Can someone explain how NUMA is not always best for multi-socket systems? - 2ページ

hardware_guy · ‎05-13-2013

I have a dual-socket Westmere server running 2 six-core X5680 CPUs with NUMA enabled.

I have been reading about the benefits of NUMA when software is designed with NUMA in mind, but then I've also been reading about how NUMA can harm performance if the software does not specifically take it into account. How is this possible? My understanding was that disabling NUMA brings memory access from both CPUs down to the lowest common denominator of remote memory. For example, local memory access might be 0.5 milliseconds and remote memory access at another node might be 1 millisecond with NUMA enabled; but with NUMA disabled, all memory access is 1 millisecond. Am I thinking about this the right way? Can someone explain some cases where NUMA with non-NUMA software might not work well?

TimP · ‎05-07-2017

In the context of the types of systems usually discussed here, a NUMA system is one which has memory banks associated with processor packages, and access by one CPU to memory associated with another requires additional steps. Many early dual CPU systems which supported x86_64 were delivered in a non-NUMA BIOS configuration, mentioned earlier in this thread, where alternate cache lines were local and remote, so that non-NUMA aware applications would perform about the same on either CPU even if suspended and resumed, but wouldn't be capable of full memory performance.
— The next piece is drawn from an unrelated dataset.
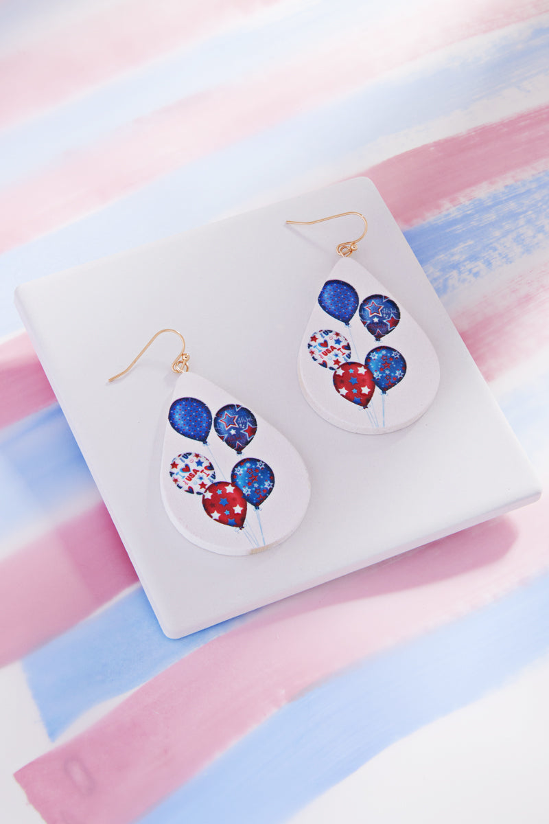 Tear Drop Shaped With Balloons Wood Hook Earrings

Enabling NUMA mode in the BIOS then requires setting affinity for the application to maximize performance by having each thread use primarily local memory. For example, the OpenMP environment variables OMP_PLACES or OMP_PROC_BIND, or Intel-specific KMP_HW_SUBSET would be useful. Models such as cilk(tm) plus may exclude such optimization.

The NUMA term also comes into play for those CPUs where groups of hardware threads share cache, which also requires thread affinity for full performance. For example, the MIC KNL has 8 hardware threads, split among 2 cores, attached to each level 2 cache tile.